> Task goal: Copy only what lies from the line containing "Porsaan kyljestä valmistettu" through the line containing "2018年9月19日下午,中" in the entries below, keeping both end lines exact and dropping every picture.

> Information given:

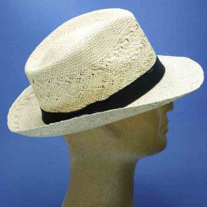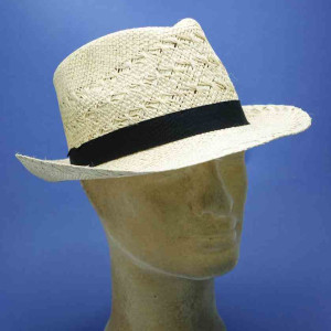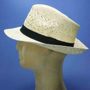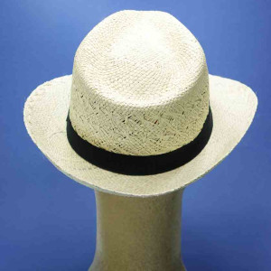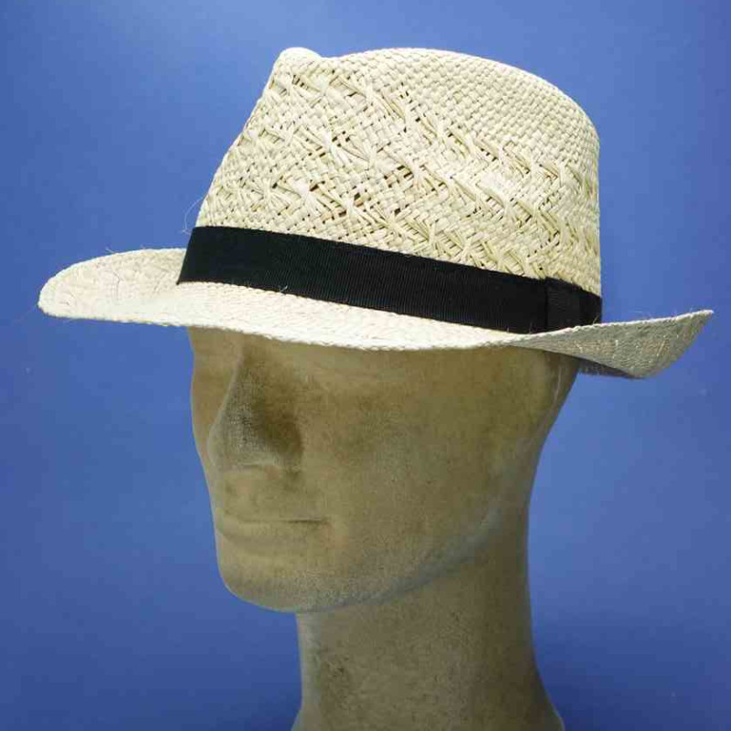 Chapeau Fedora, garniture noire, en raphia tressé, mixte
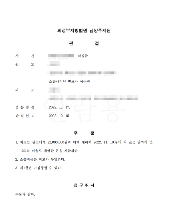 저희 사무소는 우선 채무자들에 대하여 사기고소 및 관련 민사소송을 개시하였고, 형사 합의금으로 일부를 받고 난 뒤 민사소송의 판결문을 기초로 채무자들의 재산(부동산 및 통장)을 통하여 전액을 회수 할 수 있었습니다.
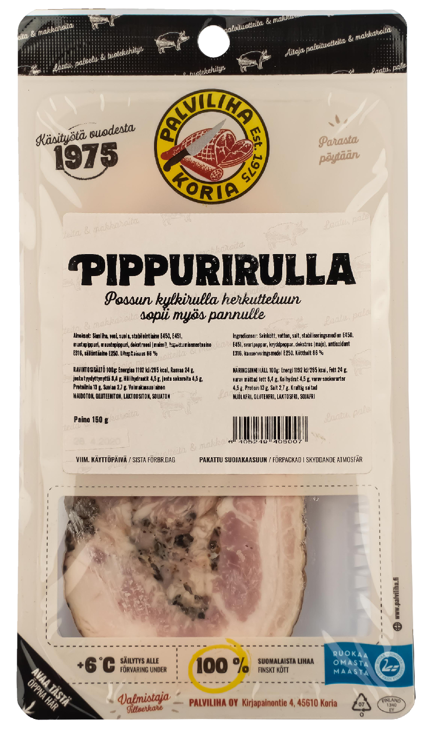Porsaan kyljestä valmistettu miedolla pippurilla maustettu leikkele
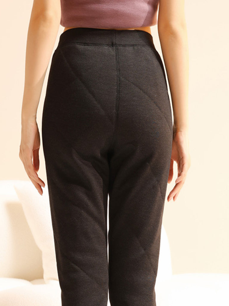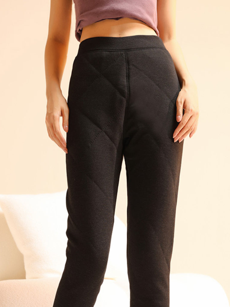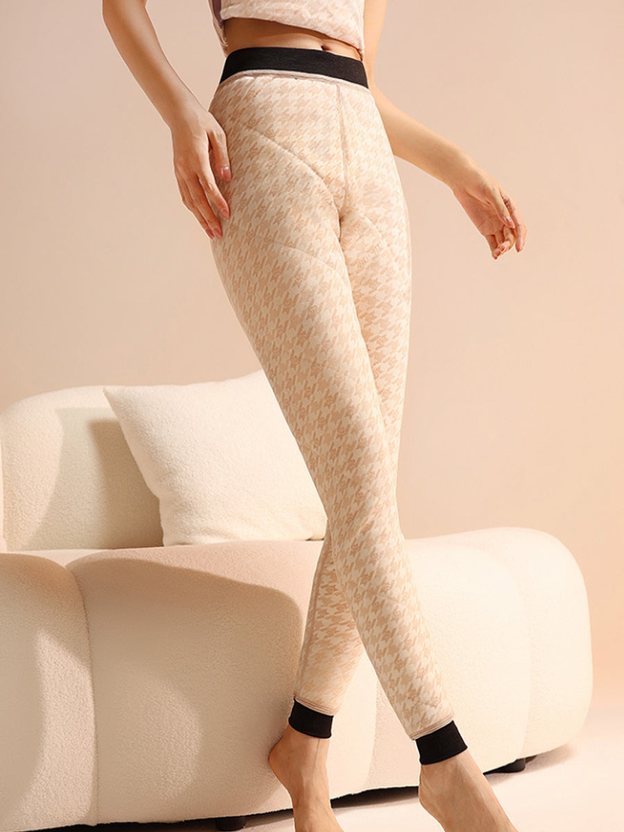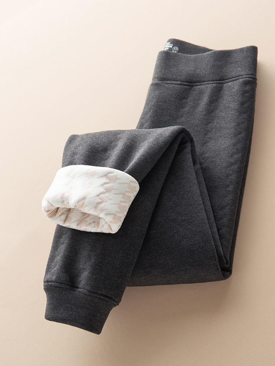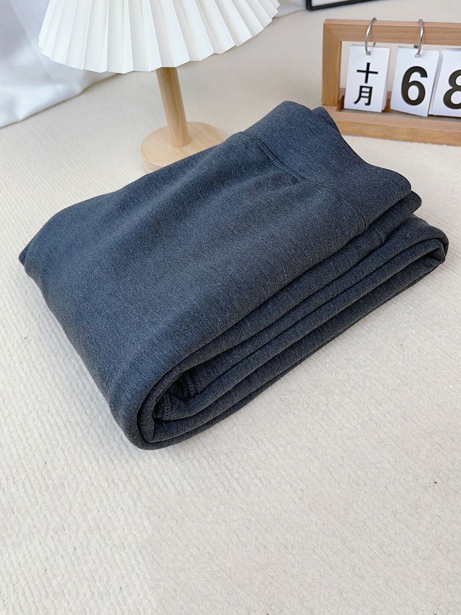 بنطلون ليجنز نسائي شتوي دافئ بلون نقي بخصر مرتفع
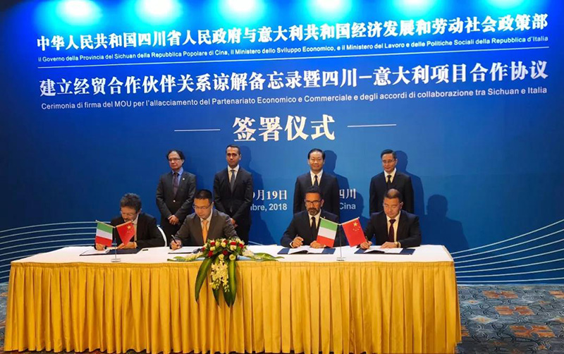 2018年9月19日下午,中華人民共和國(guó)四川省人民政府與意大利共和國(guó)經(jīng)濟(jì)發(fā)展和勞動(dòng)社會(huì)政策部關(guān)于“建立經(jīng)貿(mào)合作伙伴關(guān)系諒解備忘錄暨四川—意大利項(xiàng)目合作協(xié)議簽署儀式”,在成都隆重舉行。在意大利副總理迪馬約,四川省委書記彭清華,四川省委常委、省委秘書長(zhǎng)王銘暉,副省長(zhǎng)彭宇行,意大利經(jīng)濟(jì)發(fā)展部副部長(zhǎng)杰拉奇教授,意大利駐華大使謝國(guó)誼,意大利駐渝領(lǐng)館,意大利對(duì)華關(guān)系促進(jìn)協(xié)會(huì)等領(lǐng)導(dǎo),和意大利、中國(guó)眾多媒體嘉賓的見證下,
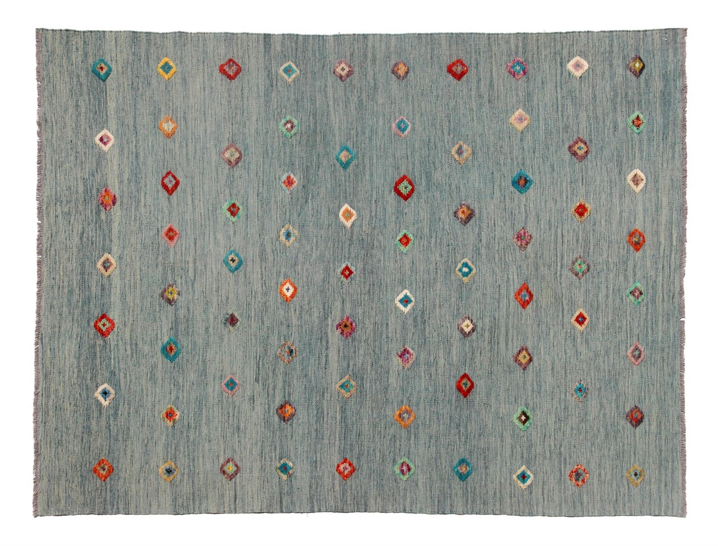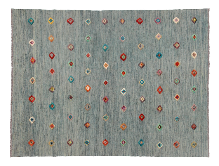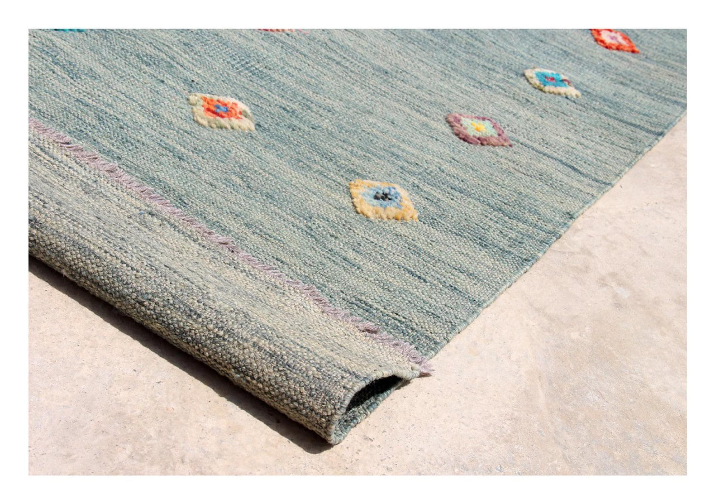 Esta alfombra fue hecha a mano en un telar como un tejido plano. Tejido plano es el término utilizado para describir las alfombras que no tienen pelo. Como el nombre promete, estas alfombras están tejidas y no anudadas. Esto resulta en una alfombra plana con una superficie estructurada. Los tejidos planos no son tan suaves y normalmente más delgados que las alfombras anudadas. Al mismo tiempo, su fabricación es mucho menos compleja y por lo general se pueden disponer por ambos lados (frontal y posterior). Sus patrones suelen ser geométricos, lo cual está determinado por el tejido.
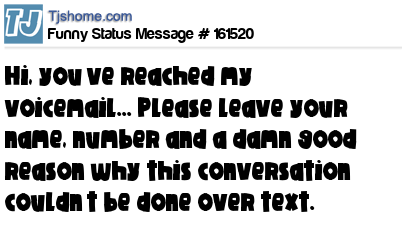 - # 159367 Hi you've reached my voicemail,,, Please leave your name, number and a damn good reason why this conversation couldn't be done over text
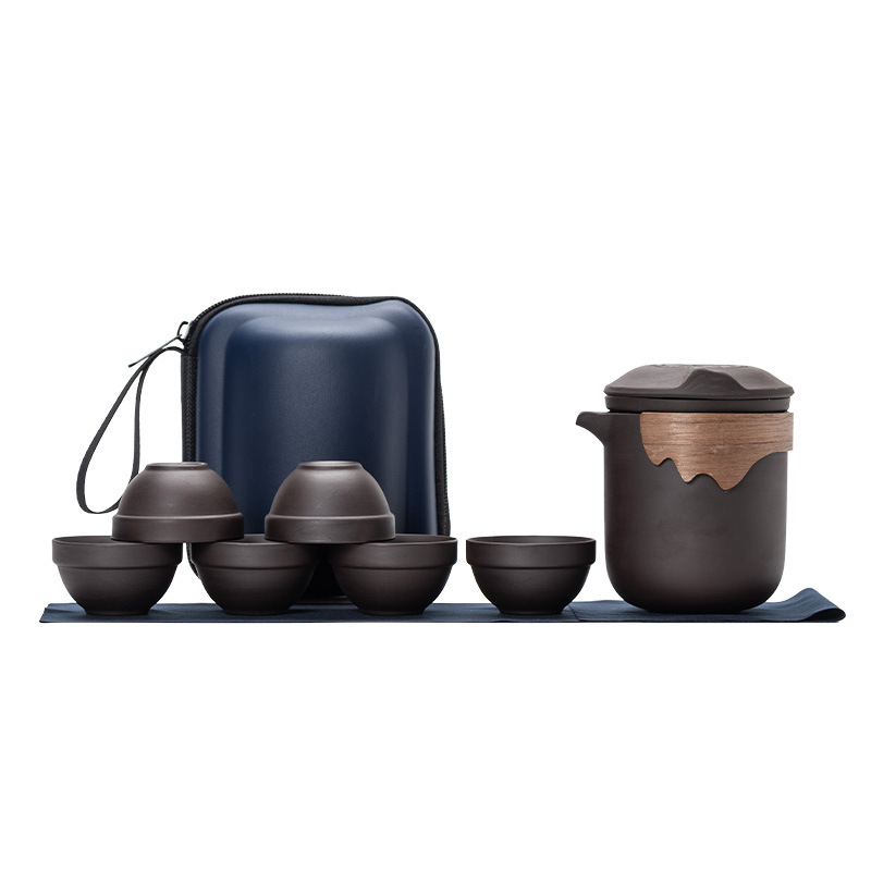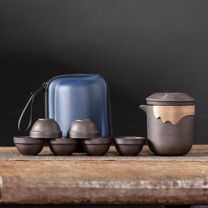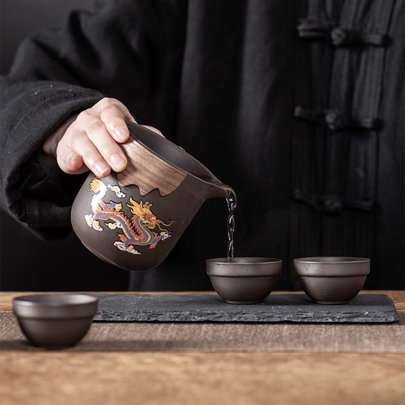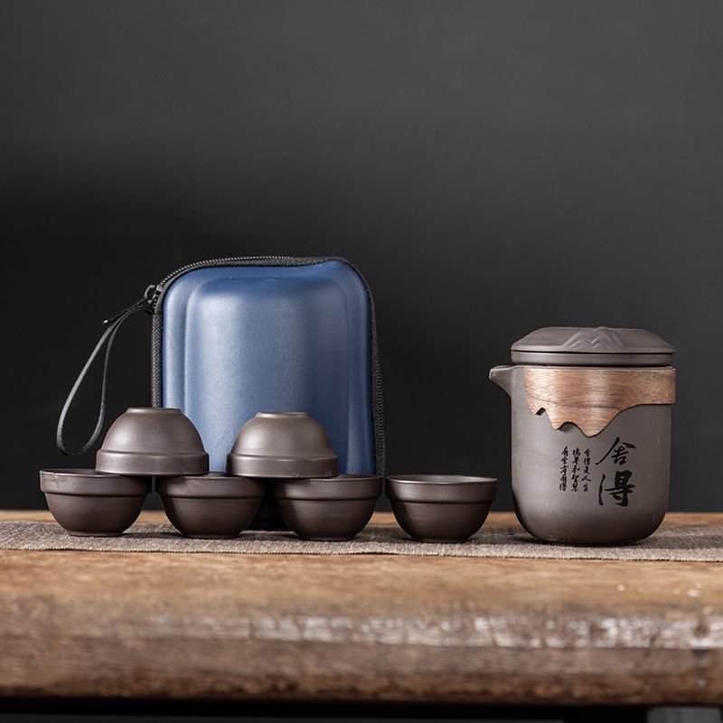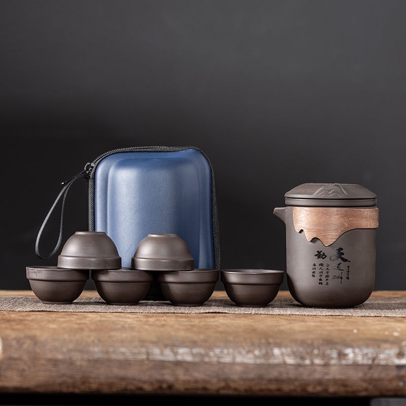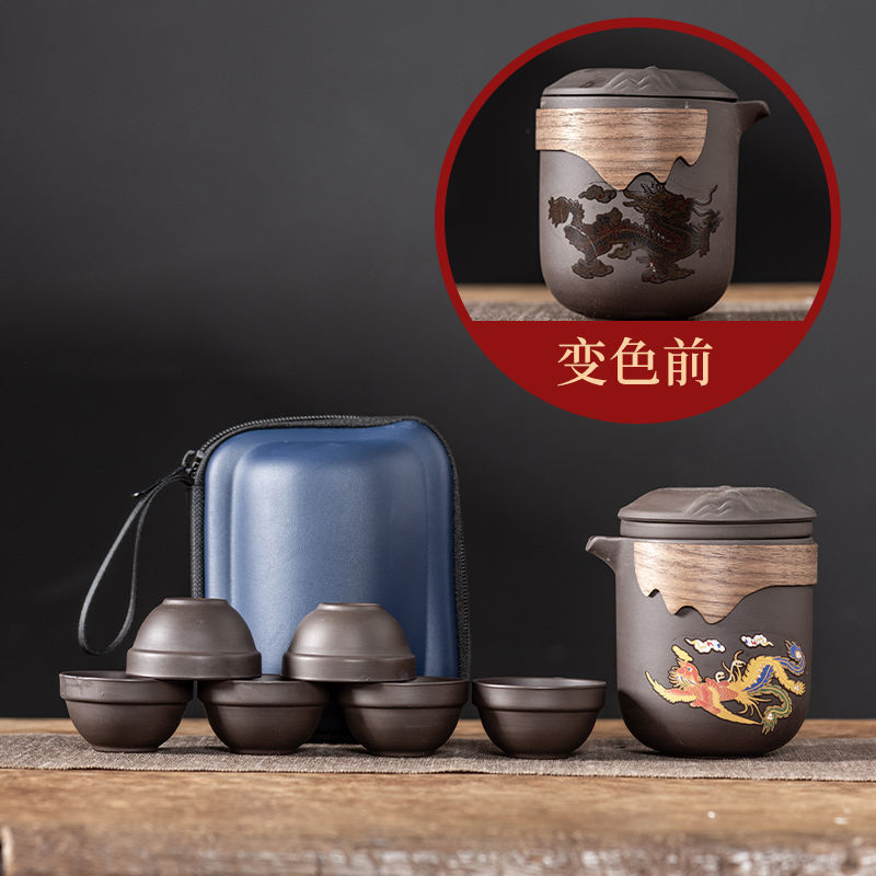Дорожный чайный набор, фиолетовый глиняный чайник, хамелеон, феникс, одна кастрюля, шесть чашек, компанию, событие, практичный подарок для открытия магазина, празднование
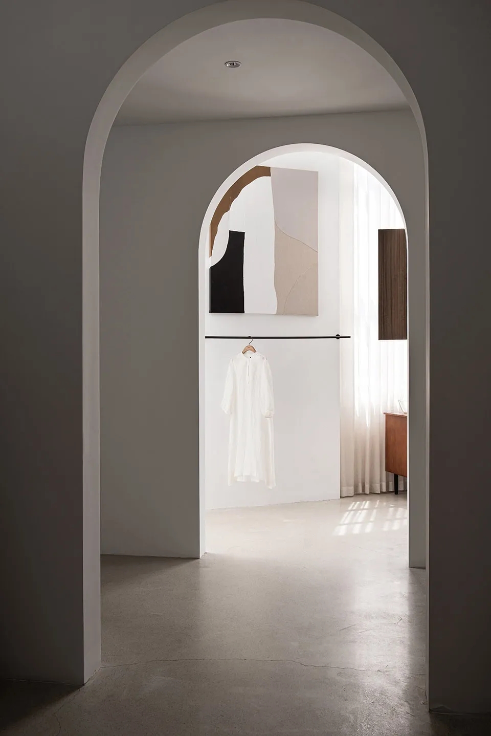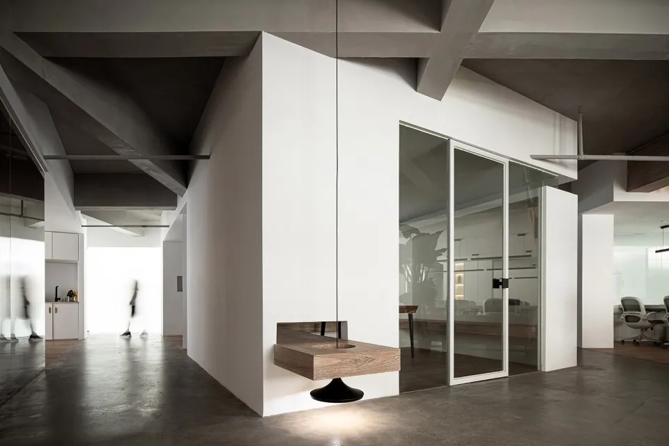 设计师将空间的本质发挥到极致,使用麻布料为顶部做了艺术造型装置,空间品位与品牌文化相辅相成。办公室设计以朴素、自然的侘寂(wabi-sabi)为调性,展现了麻霖对东方美学的崇尚态度。
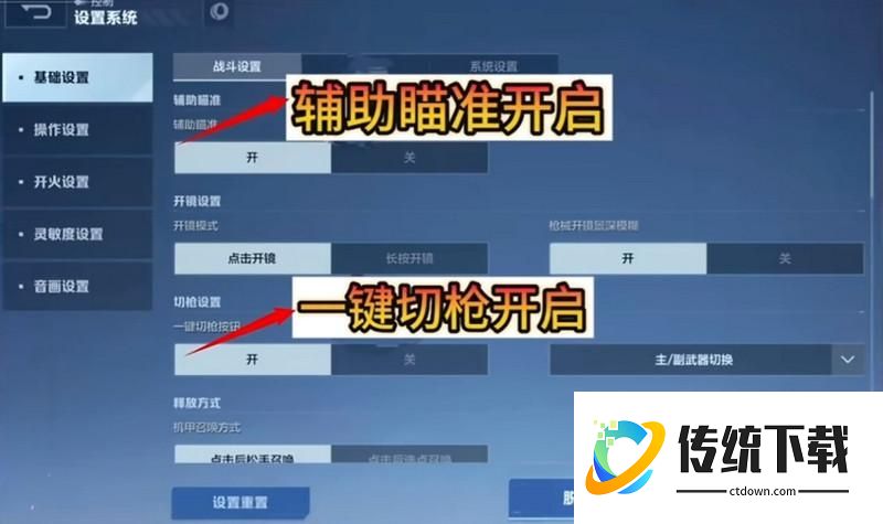 6、建议将设置里的【辅助瞄准】与【一键切枪】一并打开,效果更佳;
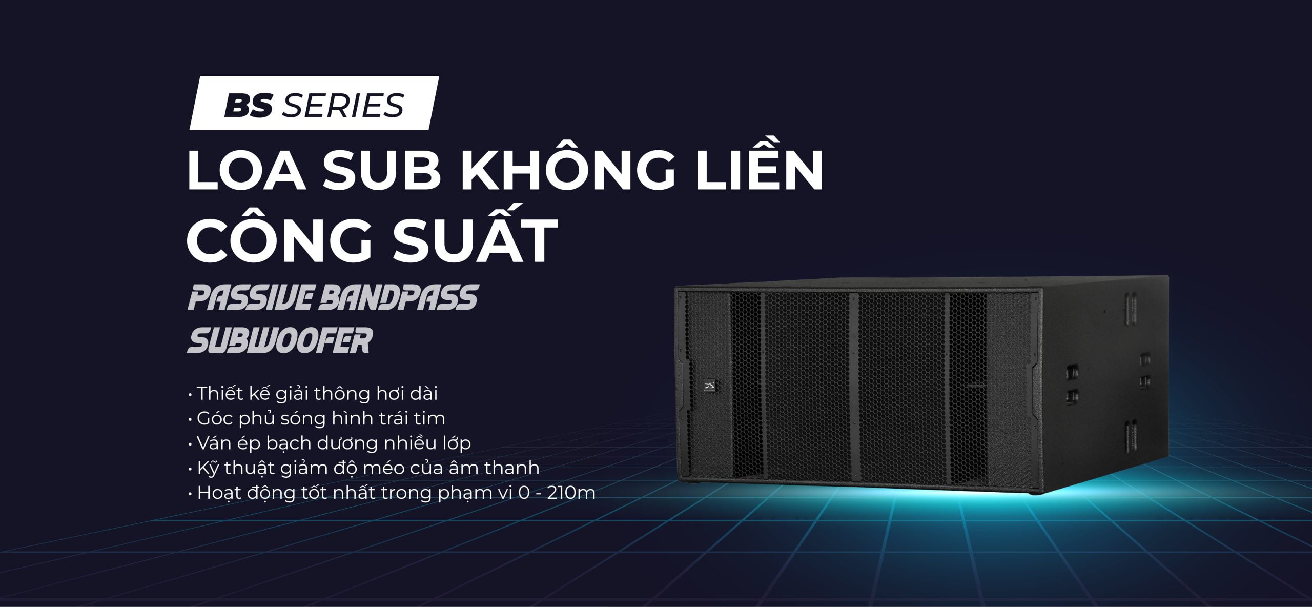 Dòng sản phẩm Loa Sub Không Liền Công Suất BS Series của Dare Professional Audio được thiết kế thùng thông dải dài cùng công nghệ chống méo tiếng giúp tăng cường âm trầm của loa. Công nghệ này còn hỗ trợ kiểm soát âm thanh với góc phủ sóng hình trái tim, giúp giảm thiếu hiện tượng âm thanh bị tán xạ và nhiễu loạn từ đó mang đến trải nghiệm nghe nhạc chính xác và sống động hơn.

> Result:
Porsaan kyljestä valmistettu miedolla pippurilla maustettu leikkele
 بنطلون ليجنز نسائي شتوي دافئ بلون نقي بخصر مرتفع
 2018年9月19日下午,中華人民共和國(guó)四川省人民政府與意大利共和國(guó)經(jīng)濟(jì)發(fā)展和勞動(dòng)社會(huì)政策部關(guān)于“建立經(jīng)貿(mào)合作伙伴關(guān)系諒解備忘錄暨四川—意大利項(xiàng)目合作協(xié)議簽署儀式”,在成都隆重舉行。在意大利副總理迪馬約,四川省委書記彭清華,四川省委常委、省委秘書長(zhǎng)王銘暉,副省長(zhǎng)彭宇行,意大利經(jīng)濟(jì)發(fā)展部副部長(zhǎng)杰拉奇教授,意大利駐華大使謝國(guó)誼,意大利駐渝領(lǐng)館,意大利對(duì)華關(guān)系促進(jìn)協(xié)會(huì)等領(lǐng)導(dǎo),和意大利、中國(guó)眾多媒體嘉賓的見證下,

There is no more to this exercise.